LEONSKAJA & MOZART
Hamer Hall
September 4 & 5, 2016
Elisabeth Leonskaja
Here was a puzzler. The content was fine, typical ACO fodder: the Capriccio sextet, Mozart’s Jeunehomme, and the Beethoven Op. 127. Both string works were arrangements by principal cello Timo-Veikko Valve, who knows what he’s about. But the Monday night performances left a sense of dissatisfaction after all three works were completed.
Rather than launching into the Richard Strauss opera prelude with the full ACO involved. Valve began with the piece as the composer wrote it: two violins, two violas, two cellos pouring out a mellifluous harmonic concordance. And so it continued up to Figure 2 where the tremolos begin in all lines and the rest of the players were brought into the discussion. Fine: a proper place to do the transformation, swelling the texture . . . except that in the actual event it jarred and you had to adjust abruptly to allow for the shift where the sinuosity of the original sextet was lost in more solid sound-washes.
Later, Valve again cut back to the original format – at the point where the curtain goes up on Act 1, I think – bringing the corps back into play for the concluding bars. The standard was what you’d expect from this body, for the occasion directed by Roman Simovic, concertmaster with the London Symphony Orchestra. If the violin attack lacked the bite and uniform accuracy that obtains when Tognetti is at the front, that’s understandable, although this was the 7th out of nine performances of this subscription series program.
Elisabeth Leonskaja, soloist in the Mozart Piano Concerto No. 9, is a veteran performer with a pretty full calendar throughout the year, both as concerto soloist and as recitalist. Her reading of the work could best be described as undemonstrative. And that’s fine; who wants a full-frontal ego projected on this urbane, aristocratic music, some clown determined to make a difference by abrupt shifts in dynamic or slicing up defenceless passage work? For those of us brought up on Ingrid Haebler, a certain reserve in the Mozart concertos is prized, particularly when it leads to readings of intellectual perspicacity and enunciative clarity.
But this Jeunehomme ambled. Sure, the notes appeared in the right places and the mesh between soloist and orchestra was hard to fault – except that the tuttis and the passages with exposed horns and/or oboes took on unexpected significance, compensating for a lack of intensity from the piano. Leonskaja’s cadenzas came over with exemplary lucidity but infused with little personality; even that garrulously rapid concluding rondeau passed by without raising the performance temperature by much, missing out on any enlivening energetic kick.

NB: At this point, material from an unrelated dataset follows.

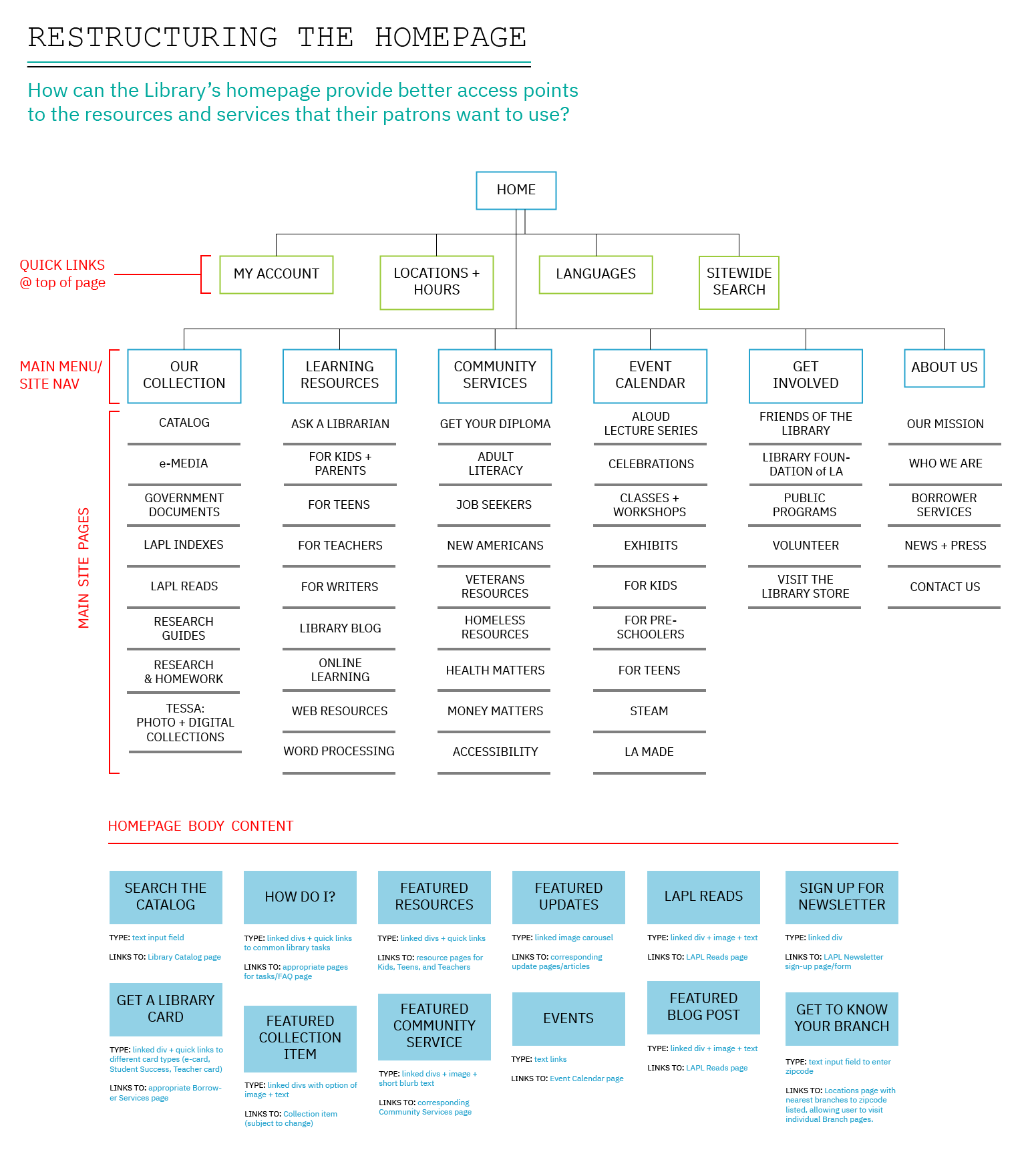 After revising LAPL’s homepage content and structure in spreadsheet form, I used diagramming and sketching to imagine what a more useful homepage content structure would be like in the abstract, for both the desktop and mobile version of the site.

The soloist gave us an encore: the Chopin D flat Nocturne, negotiated with sensitivity and a steady pace, yet deficient in sparks even during the right-hand decorative cadenza-spurts, the whole competent but emotionally bland: just the same as the concerto.
Valve returned to the lists with his arrangement of the Beethoven E flat Quartet, the later one in that key introducing the final five in the series. And, after this hearing, it strikes me as being the one among them all that responds pretty poorly to expansion into string orchestra form. The trouble with the first movement is that the developmental process is undramatic, non-theatrical, harmonically simple to follow; all you achieve by expanding the forces involved is a kind of middle-age spread. Whatever tension exists between the lines is evened out, often smothered in plump amplitude. Further, the dynamic switches can’t strike home as hard when more than one player is involved.
The quartet’s second movement begins in even worse case; its opening theme’s A flat tonality might take some time to settle but there is precious little chromatic inflexion to disrupt its even presentation. Yes, the complexities arise soon enough but even the slightly whirling activity generated by demi-semiquaver patterns turns to slurry when a group of four or five is playing them simultaneously. The only pages that seemed to me to succeed here came at the third variation, Adagio molto espressivo, when the syncopated trills and violin lines’ imitations stopped, the key moved to E Major and the basic theme was transformed into a clear-speaking melodic line for the first violins with placid harmonic support.
The Scherzo worked best of all, despite some intonational slips among the violins. The massive chord snaps at bar 60 – and, later, bar 330 – best illustrated how you could amplify the percussive power to be found all over the composer’s last works, and the Trio-Presto impressed for the rapid responsiveness of the ACO executants. But the finale brought back memories of the initial Allegro where what interests you when four players engage in a clear-voiced argument becomes, in the string orchestra transformation, something more texturally diffuse, the modulations less striking, the driving animation verging on the mechanical. Again, a generally well-accomplished performance but, instead of giving some insight into Beethoven’s compositional practice, the process seemed to summon up echoes of 19th century string serenades, or Grieg’s Holberg, even Elgar on an indifferent day.